PROBLEM REQUIREMENTS: Go through the listing below and return each line that includes "dune".
SUPPLIED DATA START
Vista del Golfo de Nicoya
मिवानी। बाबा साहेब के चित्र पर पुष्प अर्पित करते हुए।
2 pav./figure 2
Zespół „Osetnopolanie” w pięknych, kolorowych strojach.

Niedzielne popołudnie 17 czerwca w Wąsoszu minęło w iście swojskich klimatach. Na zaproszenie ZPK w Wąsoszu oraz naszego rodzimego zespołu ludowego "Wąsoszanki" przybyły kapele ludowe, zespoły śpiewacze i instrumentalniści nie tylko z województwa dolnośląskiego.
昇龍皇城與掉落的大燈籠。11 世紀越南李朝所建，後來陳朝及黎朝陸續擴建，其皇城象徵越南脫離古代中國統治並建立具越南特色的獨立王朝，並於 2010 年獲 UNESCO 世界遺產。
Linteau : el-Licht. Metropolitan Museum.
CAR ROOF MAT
SUPPLIED DATA END
SUPPLIED DATA START
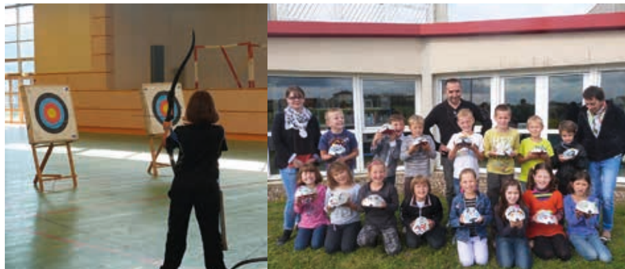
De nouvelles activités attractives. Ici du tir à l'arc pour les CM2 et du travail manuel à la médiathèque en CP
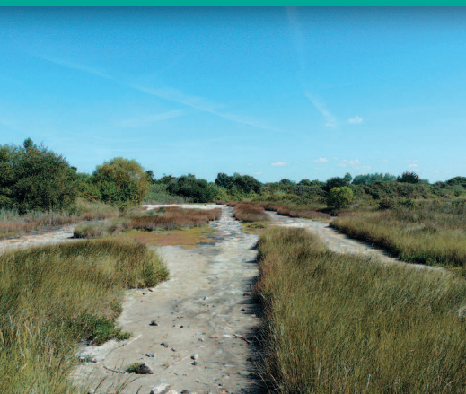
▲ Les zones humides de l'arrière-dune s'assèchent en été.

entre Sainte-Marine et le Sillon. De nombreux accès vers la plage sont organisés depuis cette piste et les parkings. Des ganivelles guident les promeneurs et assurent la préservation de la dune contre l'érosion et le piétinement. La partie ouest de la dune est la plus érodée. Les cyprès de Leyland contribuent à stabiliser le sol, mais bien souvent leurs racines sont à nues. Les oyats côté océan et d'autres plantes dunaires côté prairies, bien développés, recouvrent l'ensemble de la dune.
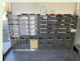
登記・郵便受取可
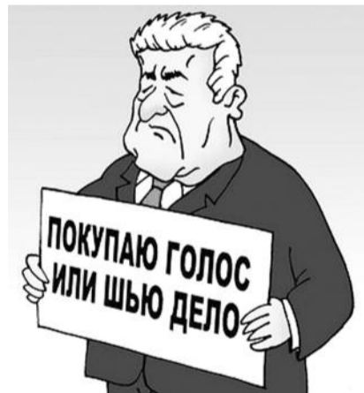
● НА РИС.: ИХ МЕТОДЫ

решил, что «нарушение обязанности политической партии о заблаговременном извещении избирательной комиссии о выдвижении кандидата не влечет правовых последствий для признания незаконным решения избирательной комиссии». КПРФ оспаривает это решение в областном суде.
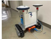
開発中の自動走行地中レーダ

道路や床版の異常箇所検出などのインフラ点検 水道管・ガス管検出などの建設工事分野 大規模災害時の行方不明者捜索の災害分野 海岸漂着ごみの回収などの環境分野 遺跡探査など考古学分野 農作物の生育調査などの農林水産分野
SUPPLIED DATA END
TASK RESPONSE:
▲ Les zones humides de l'arrière-dune s'assèchent en été.
entre Sainte-Marine et le Sillon. De nombreux accès vers la plage sont organisés depuis cette piste et les parkings. Des ganivelles guident les promeneurs et assurent la préservation de la dune contre l'érosion et le piétinement. La partie ouest de la dune est la plus érodée. Les cyprès de Leyland contribuent à stabiliser le sol, mais bien souvent leurs racines sont à nues. Les oyats côté océan et d'autres plantes dunaires côté prairies, bien développés, recouvrent l'ensemble de la dune.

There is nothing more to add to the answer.